What is expected — Only the text belongs in the copy. Transcribe the data exactly and drop any pictures.

Records from a data source
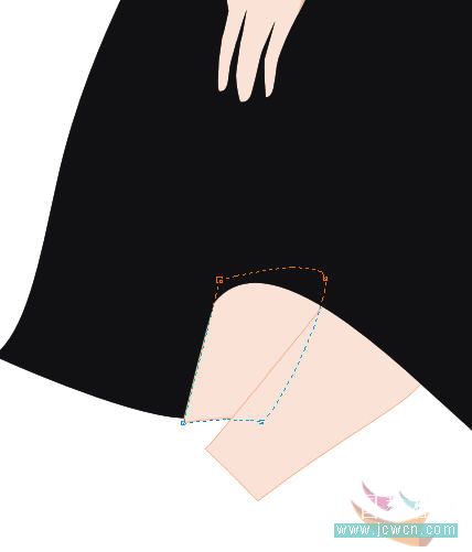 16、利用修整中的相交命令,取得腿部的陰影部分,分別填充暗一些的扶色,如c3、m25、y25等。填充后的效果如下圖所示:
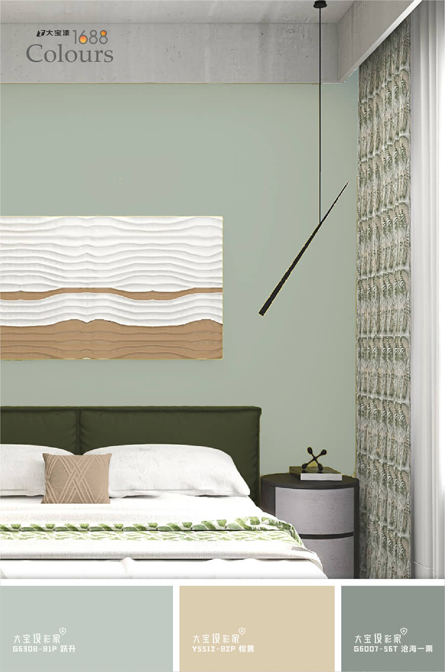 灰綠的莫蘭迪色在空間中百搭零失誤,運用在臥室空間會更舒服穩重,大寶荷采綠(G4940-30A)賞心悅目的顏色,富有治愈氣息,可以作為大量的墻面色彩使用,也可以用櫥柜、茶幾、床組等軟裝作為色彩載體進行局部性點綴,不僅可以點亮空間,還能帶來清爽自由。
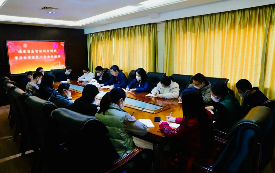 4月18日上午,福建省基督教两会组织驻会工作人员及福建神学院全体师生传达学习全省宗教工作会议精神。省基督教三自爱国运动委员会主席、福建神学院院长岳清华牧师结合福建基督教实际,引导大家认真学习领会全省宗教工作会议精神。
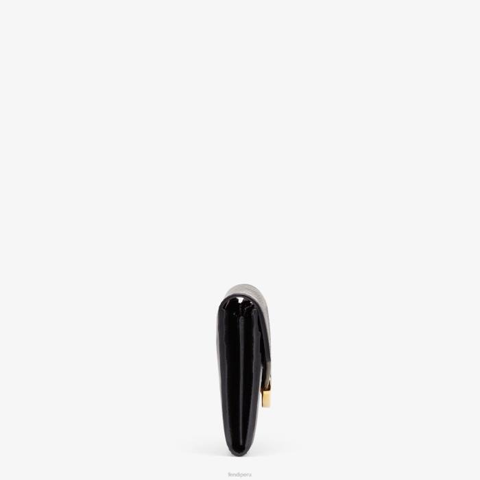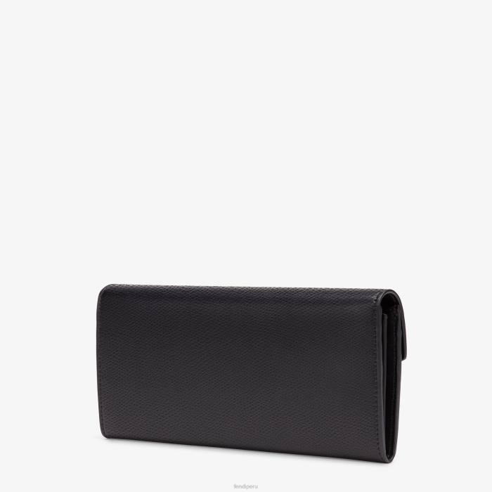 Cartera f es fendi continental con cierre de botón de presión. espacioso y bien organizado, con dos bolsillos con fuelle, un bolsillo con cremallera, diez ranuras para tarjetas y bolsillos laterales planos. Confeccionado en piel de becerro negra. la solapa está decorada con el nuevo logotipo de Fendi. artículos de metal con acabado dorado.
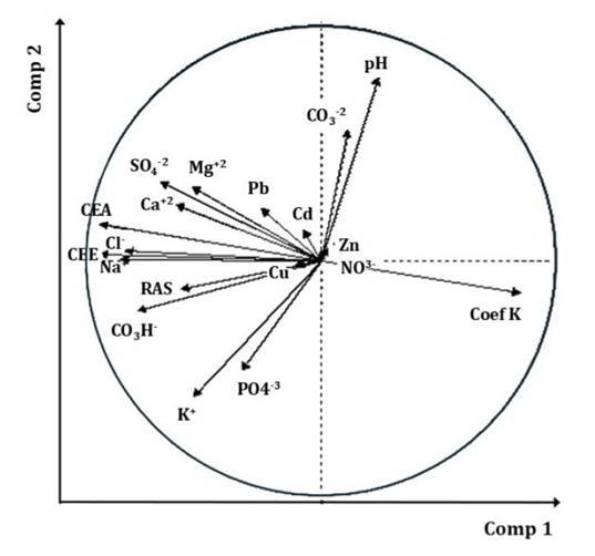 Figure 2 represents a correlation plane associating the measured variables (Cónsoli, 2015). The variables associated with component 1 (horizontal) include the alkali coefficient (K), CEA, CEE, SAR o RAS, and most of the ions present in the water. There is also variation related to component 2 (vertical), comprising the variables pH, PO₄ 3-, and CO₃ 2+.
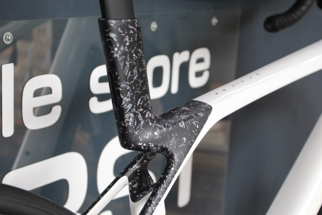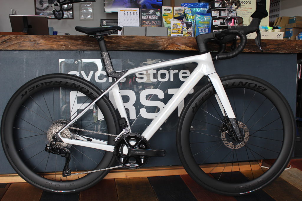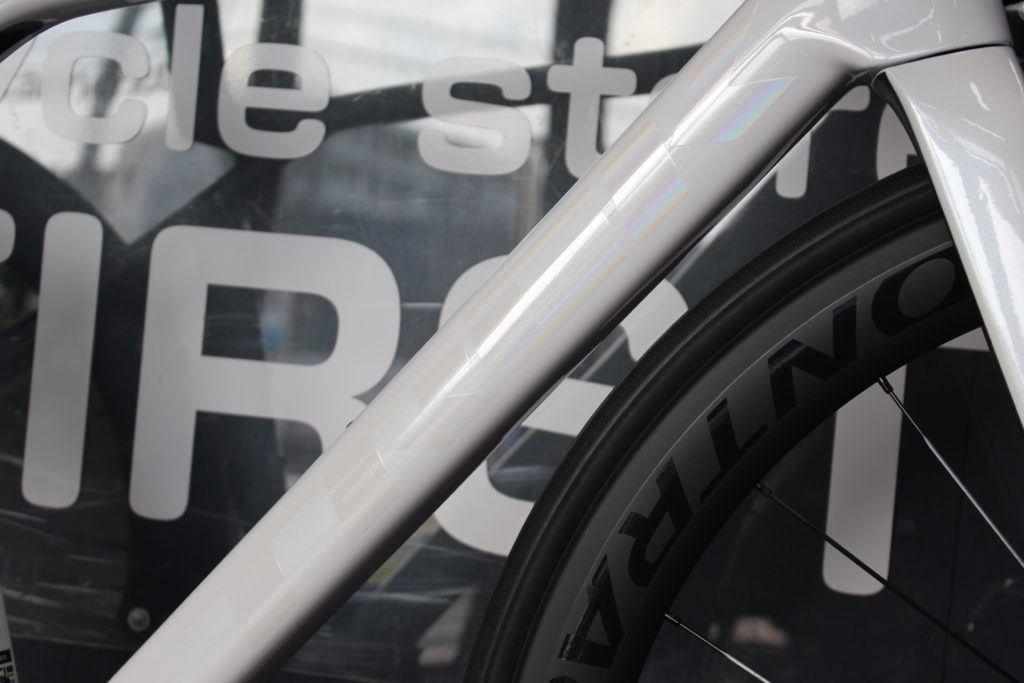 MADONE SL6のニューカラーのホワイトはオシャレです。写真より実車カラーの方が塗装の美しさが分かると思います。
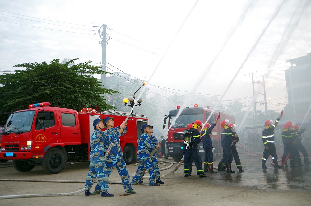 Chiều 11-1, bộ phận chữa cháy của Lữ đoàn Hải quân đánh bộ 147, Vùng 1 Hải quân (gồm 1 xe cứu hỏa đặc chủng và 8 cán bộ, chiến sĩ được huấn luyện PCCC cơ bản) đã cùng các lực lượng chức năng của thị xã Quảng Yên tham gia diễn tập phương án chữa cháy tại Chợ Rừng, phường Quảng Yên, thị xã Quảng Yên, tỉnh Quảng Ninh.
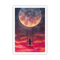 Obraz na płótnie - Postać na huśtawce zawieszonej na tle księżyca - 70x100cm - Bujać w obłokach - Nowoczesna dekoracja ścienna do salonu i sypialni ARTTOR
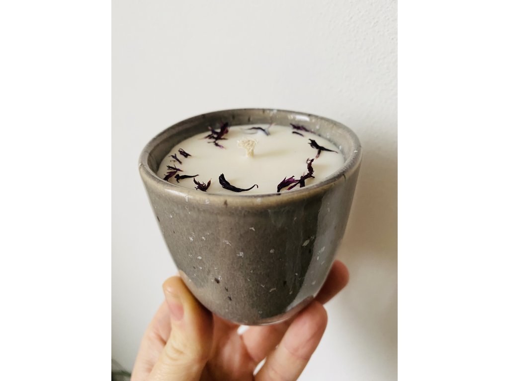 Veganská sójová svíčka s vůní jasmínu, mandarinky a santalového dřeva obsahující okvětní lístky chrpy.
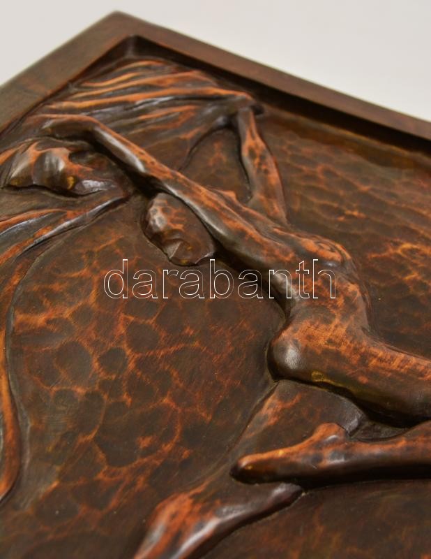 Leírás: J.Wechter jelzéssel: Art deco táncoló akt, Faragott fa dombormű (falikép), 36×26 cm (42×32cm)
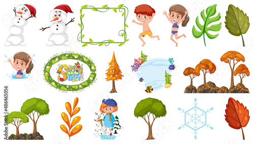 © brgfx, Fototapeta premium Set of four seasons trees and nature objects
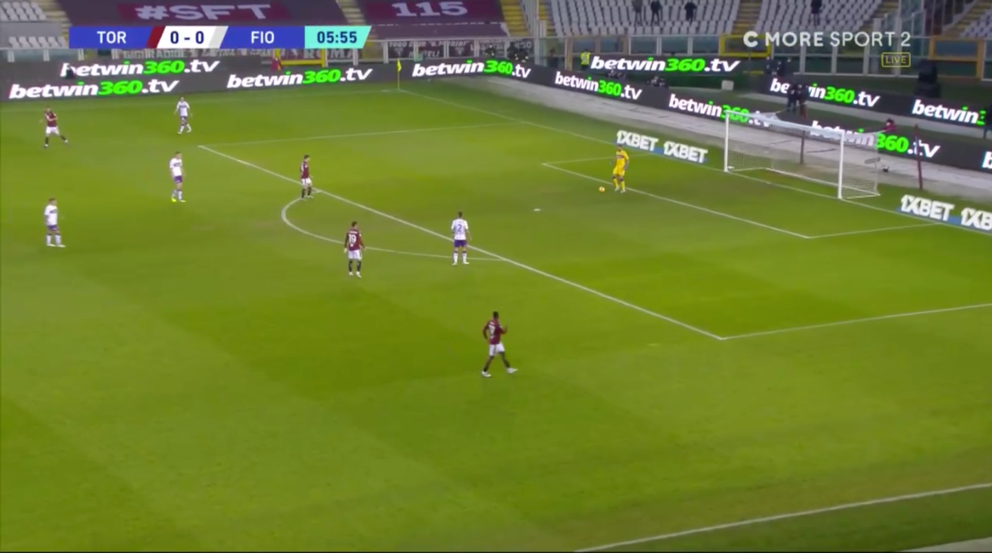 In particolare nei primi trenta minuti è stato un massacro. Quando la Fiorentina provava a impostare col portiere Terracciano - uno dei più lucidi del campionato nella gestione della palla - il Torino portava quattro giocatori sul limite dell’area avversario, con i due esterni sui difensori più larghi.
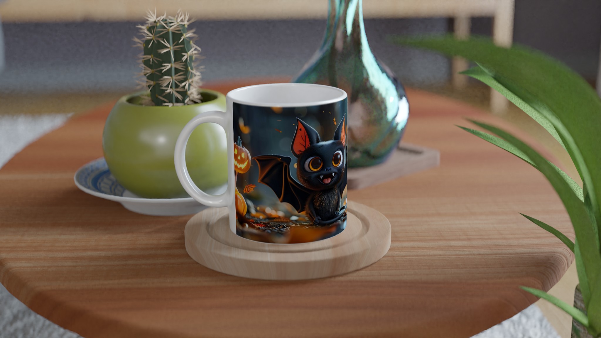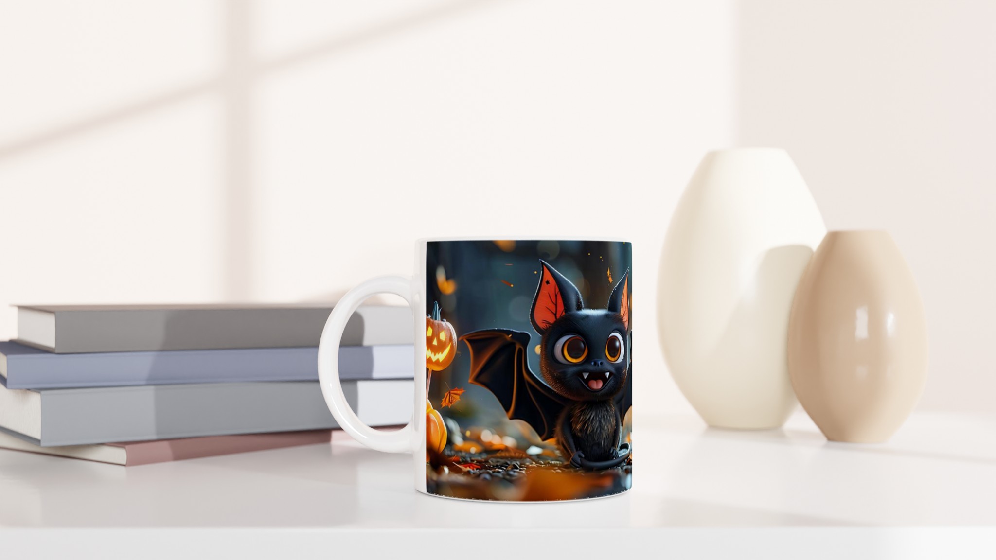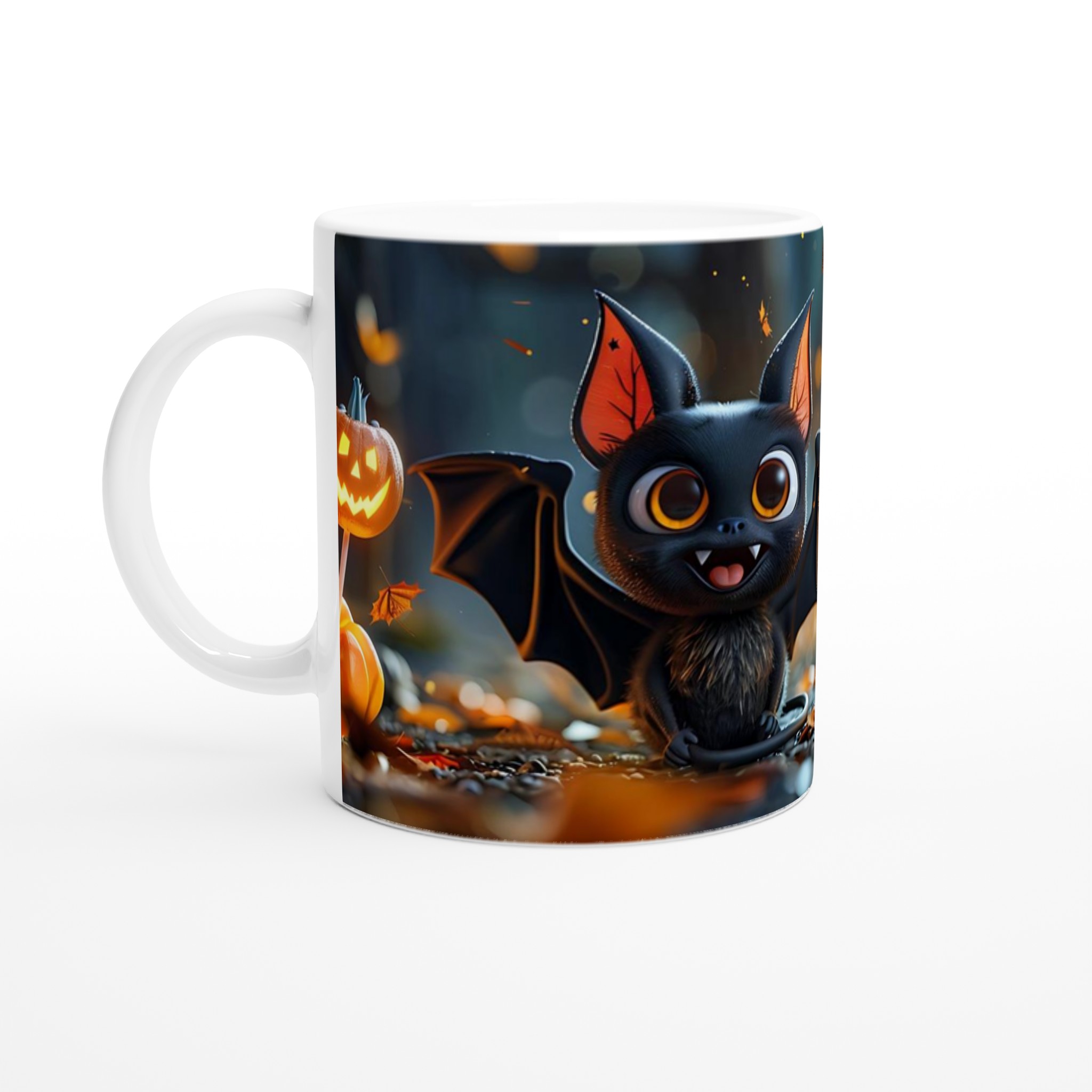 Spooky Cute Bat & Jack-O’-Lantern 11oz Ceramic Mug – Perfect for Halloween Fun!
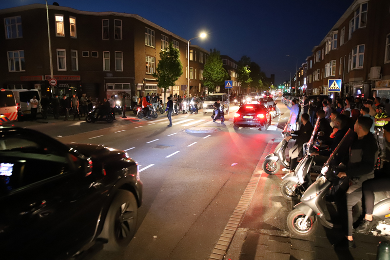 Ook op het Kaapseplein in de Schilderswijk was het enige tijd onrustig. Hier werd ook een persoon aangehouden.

Output for this exercise —
 16、利用修整中的相交命令,取得腿部的陰影部分,分別填充暗一些的扶色,如c3、m25、y25等。填充后的效果如下圖所示:
 灰綠的莫蘭迪色在空間中百搭零失誤,運用在臥室空間會更舒服穩重,大寶荷采綠(G4940-30A)賞心悅目的顏色,富有治愈氣息,可以作為大量的墻面色彩使用,也可以用櫥柜、茶幾、床組等軟裝作為色彩載體進行局部性點綴,不僅可以點亮空間,還能帶來清爽自由。
 4月18日上午,福建省基督教两会组织驻会工作人员及福建神学院全体师生传达学习全省宗教工作会议精神。省基督教三自爱国运动委员会主席、福建神学院院长岳清华牧师结合福建基督教实际,引导大家认真学习领会全省宗教工作会议精神。
 Cartera f es fendi continental con cierre de botón de presión. espacioso y bien organizado, con dos bolsillos con fuelle, un bolsillo con cremallera, diez ranuras para tarjetas y bolsillos laterales planos. Confeccionado en piel de becerro negra. la solapa está decorada con el nuevo logotipo de Fendi. artículos de metal con acabado dorado.
 Figure 2 represents a correlation plane associating the measured variables (Cónsoli, 2015). The variables associated with component 1 (horizontal) include the alkali coefficient (K), CEA, CEE, SAR o RAS, and most of the ions present in the water. There is also variation related to component 2 (vertical), comprising the variables pH, PO₄ 3-, and CO₃ 2+.
 MADONE SL6のニューカラーのホワイトはオシャレです。写真より実車カラーの方が塗装の美しさが分かると思います。
 Chiều 11-1, bộ phận chữa cháy của Lữ đoàn Hải quân đánh bộ 147, Vùng 1 Hải quân (gồm 1 xe cứu hỏa đặc chủng và 8 cán bộ, chiến sĩ được huấn luyện PCCC cơ bản) đã cùng các lực lượng chức năng của thị xã Quảng Yên tham gia diễn tập phương án chữa cháy tại Chợ Rừng, phường Quảng Yên, thị xã Quảng Yên, tỉnh Quảng Ninh.
 Obraz na płótnie - Postać na huśtawce zawieszonej na tle księżyca - 70x100cm - Bujać w obłokach - Nowoczesna dekoracja ścienna do salonu i sypialni ARTTOR
 Veganská sójová svíčka s vůní jasmínu, mandarinky a santalového dřeva obsahující okvětní lístky chrpy.
 Leírás: J.Wechter jelzéssel: Art deco táncoló akt, Faragott fa dombormű (falikép), 36×26 cm (42×32cm)
 © brgfx, Fototapeta premium Set of four seasons trees and nature objects
 In particolare nei primi trenta minuti è stato un massacro. Quando la Fiorentina provava a impostare col portiere Terracciano - uno dei più lucidi del campionato nella gestione della palla - il Torino portava quattro giocatori sul limite dell’area avversario, con i due esterni sui difensori più larghi.
 Spooky Cute Bat & Jack-O’-Lantern 11oz Ceramic Mug – Perfect for Halloween Fun!
 Ook op het Kaapseplein in de Schilderswijk was het enige tijd onrustig. Hier werd ook een persoon aangehouden.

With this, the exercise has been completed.